The Mudcat Café TM
Thread #31740   Message #3943484
Posted By: Lighter
12-Aug-18 - 08:32 PM
Thread Name: Opinionated Civil War Music Article
Subject: RE: Opinionated Civil War Music Article
All very true, Julia. I would only add that real classical music (say, Rossini's "William Tell Overture," composed in 1829, or opera) could be heard mainly in concert halls in a few big cities like Boston, New York, and Philadelphia. But well-to-do "Civil War people" certainly were familiar with it.

Since this is a "folk music" forum, let me add something about folk music. It's a popular practice to day to sing traditional songs to a lone fiddle accompaniment, but to judge from the comments of later folksong collectors, that practice was extremely rare. "Spanish guitars" were not very common nationally, autoharps uninvented, dulcimers known mainly in the Appalachians, hammered dulcimers rare and expensive.

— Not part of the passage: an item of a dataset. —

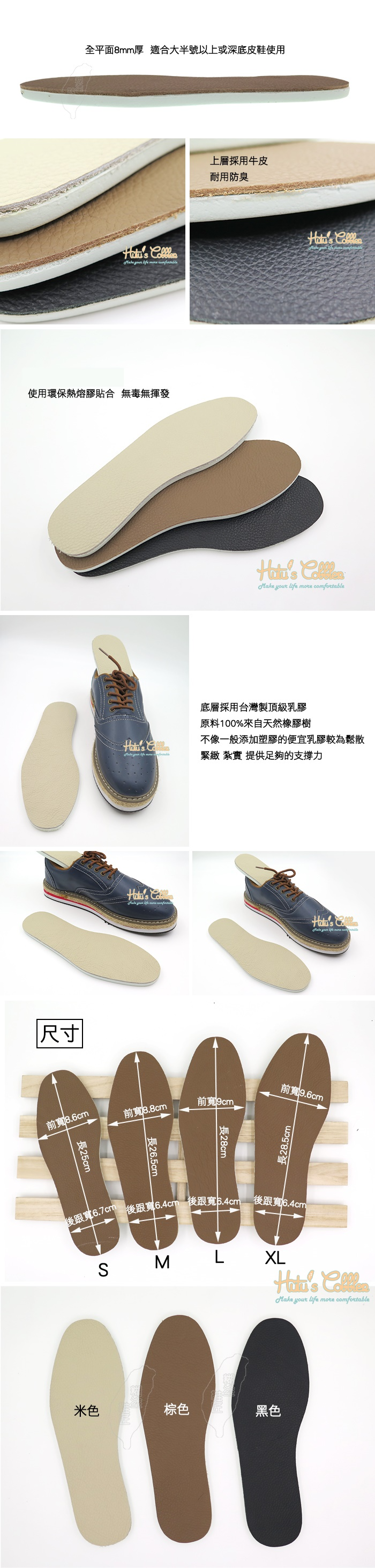 牛皮鞋墊_C46 台灣製造 8mm平面牛皮乳膠鞋墊 大半號 深底皮鞋使用【采靚鞋包精品】

Even among Irish immigrants, uillean pipes were extremely rare (very expensive). Some Scots immigrants played bagpipes, but they were still solo instruments and not used in marching bands as they were in the British Army. Flutes, of course, were easily portable.

Minstrel troupes typically used a fiddle, a banjo, a tambourine, and a pair of bones. Outside of the drums and wind instruments of military bands, these, plus the recently invented harmonica, were the typical instruments one might find in an army camp on either side. I can't recall any reference to tin whistles, but they were cheap and available.

The most typical musical sound of the period, other than that of the fiddle, flute, banjo, parlor piano, minstrel performance, or fife and drum corps may have been that of the brass band, military or civilian, which played all sorts of music.